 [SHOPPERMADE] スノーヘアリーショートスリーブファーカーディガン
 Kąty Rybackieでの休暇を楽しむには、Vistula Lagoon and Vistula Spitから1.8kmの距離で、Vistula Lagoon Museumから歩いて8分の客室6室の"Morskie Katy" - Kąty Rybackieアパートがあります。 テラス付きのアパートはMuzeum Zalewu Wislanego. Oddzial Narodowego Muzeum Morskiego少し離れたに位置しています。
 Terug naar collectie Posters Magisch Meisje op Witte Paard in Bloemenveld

▬▬▬▬▬▬▬▬▬▬

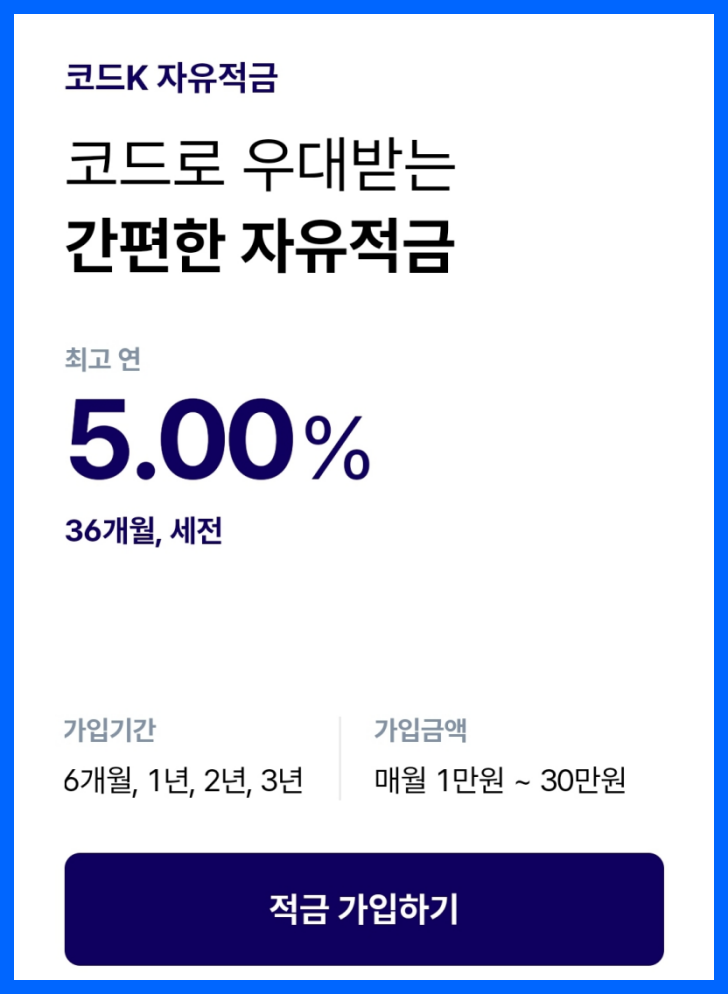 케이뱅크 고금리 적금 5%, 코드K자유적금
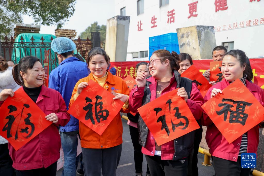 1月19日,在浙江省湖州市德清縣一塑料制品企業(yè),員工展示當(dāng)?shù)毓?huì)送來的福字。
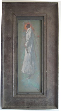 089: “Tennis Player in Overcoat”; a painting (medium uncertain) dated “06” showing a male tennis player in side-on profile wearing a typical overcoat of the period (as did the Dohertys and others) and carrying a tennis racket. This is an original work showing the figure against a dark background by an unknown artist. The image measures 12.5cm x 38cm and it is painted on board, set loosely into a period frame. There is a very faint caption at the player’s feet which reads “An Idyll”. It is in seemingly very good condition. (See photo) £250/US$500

▬▬▬▬▬▬▬▬▬▬

- Problem requirements
Produce an exact reproduction of the listing above, limited to the lines starting at the line with "1月19日,在浙江省湖州市德" and ending at the line with "(See photo) £250/US$500", both kept, with every picture left out.

- Written answer
 1月19日,在浙江省湖州市德清縣一塑料制品企業(yè),員工展示當(dāng)?shù)毓?huì)送來的福字。
 089: “Tennis Player in Overcoat”; a painting (medium uncertain) dated “06” showing a male tennis player in side-on profile wearing a typical overcoat of the period (as did the Dohertys and others) and carrying a tennis racket. This is an original work showing the figure against a dark background by an unknown artist. The image measures 12.5cm x 38cm and it is painted on board, set loosely into a period frame. There is a very faint caption at the player’s feet which reads “An Idyll”. It is in seemingly very good condition. (See photo) £250/US$500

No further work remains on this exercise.